В Западной Индии была влиятельная наследственная линия правителей [ksatriya]. Однажды у очередного правителя родился сын. Но монарх подумал: “Этот мой сын – не тот человек, кто достоин быть в этом мире учителем [Acarya] мужчин. Поэтому, он должен быть посвящен для умилостивление Арья Манджушри (Arya Manjusri), который является Владыкой Знания. И он должен умолять Манджушри сделать его Ачарьей”.

В соответствии с этим принц получил опору тела в виде отлитой из металла статуи высотой в локоть (cubit =  45-46 см – прим. shus). Помимо этого им были получены опора речи в виде цветка лотоса и опора ума в виде сосуда, наполненного молоком. Затем правитель передал ему текст медитации Манджушри и отправил его практиковать. Поскольку монарх накопил большую заслугу, а мальчик имел кшатрийское (ksatriya) происхождение, принц достиг своей цели всего лишь за шесть дней. Металлическая статуя Манджушри улыбалась, смеялась и т.п. Цветок лотоса выглядел свежим, как будто совсем недавно вырос, а молоко вытекало из сосуда, как будто бы оно кипело.

Принц подумал: “Я здесь умилостивливаю Манджушри, но было бы лучше, если бы я применил все это для другого рода достижений [siddhi] (здесь “сиддхи” – сверхъестественные способности – прим. shus)?” Таким образом он пребывал в сомнениях. Но в конец концов он сказал: “Этот бог – не что иное как Мара (Mara), называемый Калодайином (Kalodayin)!” Сразу же вслед за этим от статуи отделилась большая черная птица. Она опустила одно крыло в воду, смешала ее с землей и бросила грязь рядом с тем местом, где сидел наставник [принц]. Мальчик на некоторое время потерял сознание. Когда он пришел в себя, то увидел, что статуя потускнела и стала черной, лотос завял, а все молоко в сосуде высохло.
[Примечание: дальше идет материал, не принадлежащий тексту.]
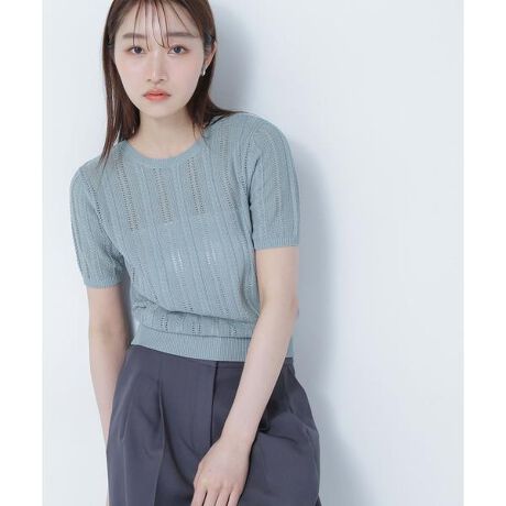 透かし柄のサマーケーブル編みがポイントのニットプルオーバー。華奢な編地にコンパクトなサイズ感なので、フレアスカート合わせでキレイめにも、パンツ合わせでカジュアルにも着回せるデザイン。シンプルなクルーネックにショート丈のシルエットでジャンスカのインナーにもおすすめです。<素材>リネンタッチの糸でさらっとした肌触りです。透かし編みとケーブル編みを組み合わせた編地です。<詳細>仕様・開閉なし裏地・なし透け感・ややあり / 光沢・なし / 伸縮性・あり生地の厚さ・普通※モデルの着用画像の場合、光の当たり具合により、実際の色味と異なって見えることがございます。色味は、商品単体の画像をご参照ください。

[Принц подумал]: “Вот он результат отказа от сиддхи (siddhi) в подходящее для их принятия время. Так, какова же была моя ошибка? Это был мой опыт сомнения. И что получилось в итоге? Все это стало результатом того, что я слишком мало учился. Если еще немного подучиться, то должны стать понятны действия Мары!”. И он сказал себе громко: “Это – я или кто-то подобный мне”. Итак, он спросил разрешение у своего отца, и отправился в Восточную Индию, где его учили пятьсот ученых. Поскольку его семья была благородного происхождения (являясь кшатриями) и поскольку он уже умилостивлил Манджушри, он без препятствий впитывал все учения этих пятисот пандитов.

В те времена, поскольку его семья была благородного происхождения и благодаря своей учености, он скопил много вещей и собрал вокруг себя многолюдную свиту, в результате чего отвлечение его от учения стало попросту неодолимым.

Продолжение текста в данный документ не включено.